Davis credits Sid Hearn, then East Lake center director, for encouraging him to give dance a try when Ballet Tennessee held auditions in 1998 for Dance Alive, its annual summer program that offers lessons to children in the city's recreation centers. Davis was 11 at the time.

"Sid told me about the audition, said I should give it a shot. He knew my past, knew I was looking for inspiration. I was looking to get into sports, but didn't have the money sports required. So I did the audition with no expectations," Davis recalls.

"When I told my grandmother I was interested, she didn't believe me at first. But she said, 'Alright, we'll give it a shot.' Dancing definitely opened my eyes to something new. But I didn't really see myself dancing on a stage with other dancers," he says.

But Ballet Tennessee founders Barry and Anna VanCura did.

"He was a young male who was interested in doing this. We saw his interest even though he didn't really know what it was about or what might be expected of him," says Anna VanCura. "He was there and he was interested.

"Secondly, he tried so hard. He had such a determination that spoke volumes to us. He was trying something for the first time and was willing to keep working on whatever it was we wanted from him until he could achieve it.

We saw there was an elegance and a grace about him that was just there, even when he did not yet know how to make the classical form. That was pretty amazing and outstanding," she recalls.

The VanCuras awarded Davis a Talent Identification Program Scholarship, which funded tuition for further study at their dance school. He continued to study with them while he was a student at the performing arts magnet school.

"He had the raw talent, the interest and the spark," says Karen Wilson, dance instructor at CCA. "When I met him in the eighth grade, one of the first things he ever said to me was that he wanted to dance with the Dance Theatre of Harlem one day."

When Davis graduated from CCA, the VanCuras helped him win an audition for a scholarship with the Joffrey Ballet School. His grandmother's church took up a collection to fund his first year in New York City. When that ran out, he worked as a waiter, model, salesman, even cleaned a house in Brooklyn in exchange for a room there.

PROFESSIONAL CAREER

Davis trained three years with Joffrey. During that time he studied in summer intensives with American Ballet Theatre, Boston Ballet, North Carolina Dance Theatre and more. Yet he always made time to return to Ballet Tennessee to teach.
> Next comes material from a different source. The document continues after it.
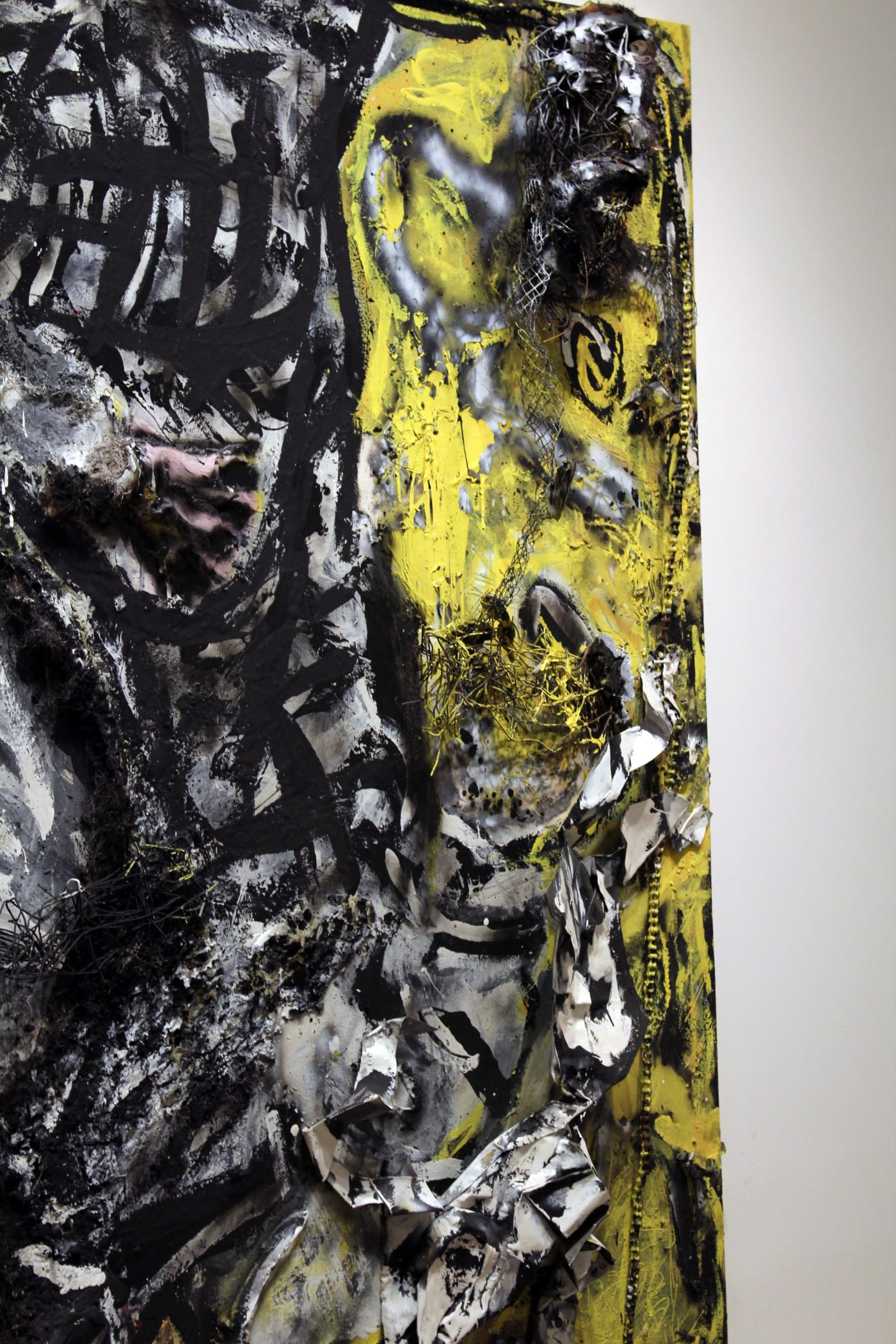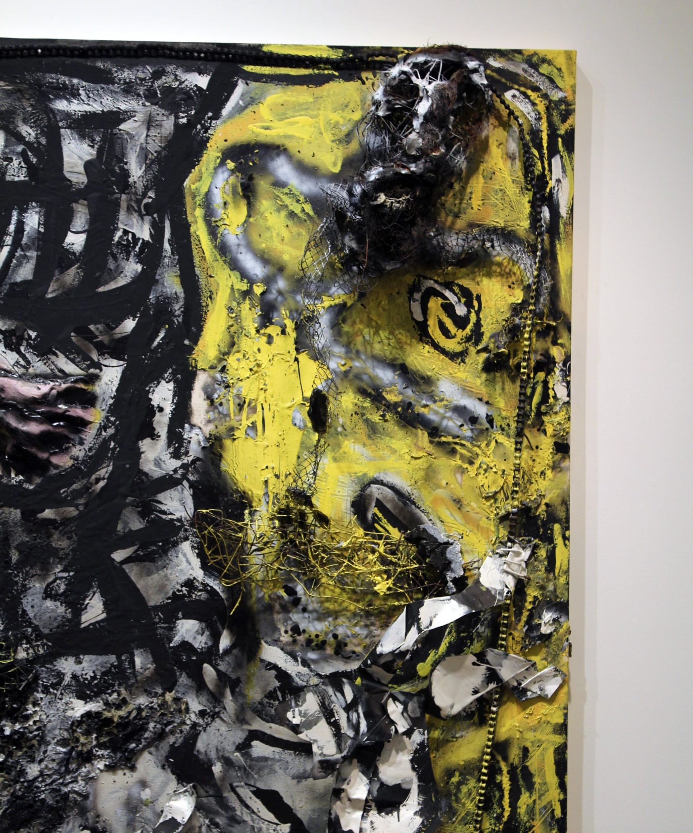 “Looking Good” is dark. Dial used a sledgehammer to shape tin and wire fencing into figures. Specters of men disfigured by the hammer attack erupt out of a blackened space. A bicycle chain lashes like a whip across three quarters of the square edge, while burned and shredded metal form hair and bodily features, the traces of a blow-torch creating an apocalyptic aura. Typical of Dial’s work, this assemblage is highly symbolic; the title, along with a bit of backstory, contain a wealth of meaning.

After dancing with the Roxey Ballet Company in New Jersey for a season, he won a place in the Dance Theatre of Harlem in 2008.

In the years since, he has participated in a Dance for America tour, was a featured artist with Dallas Black Dance Theatre, performed at the Kennedy Center Honors in Washington, D.C., the Donald McKayle Tribute in Irvine, Calif., and for the Indiana Ballet Theatre.

He now calls himself "a full-time freelancer," working as his own agent. He's a performer, choreographer and coach while taking classes for himself in ballet and modern dance, yoga and Pilates. The latter two are part of his workout to build stamina before starting his tour, he explains. That demanding schedule starts the third week of October in Washington, D.C., where he will perform with the Dissonance Dance Theatre. The next week he is dancing in "Dracula" with the Roanoke, Va., Ballet Theater.

The following week he will dance the role of the Prince in "Snow White" with the San Antonio Metropolitan Ballet. Each week for the remainder of the year he is booked in the "Nutcracker" with dance companies in East Point, Ga., Bedford, N.H., and Boston.

In the documentary, Davis says his grandmother once told him, "You have to see these experiences you went through as a blessing. Then you have to make a decision who you really want to be in life: whether you want to be against society or rise to the occasion and be greater and inspire others. And I made that decision."

That's the story the audience will see Monday in "From the Streets to the Stage."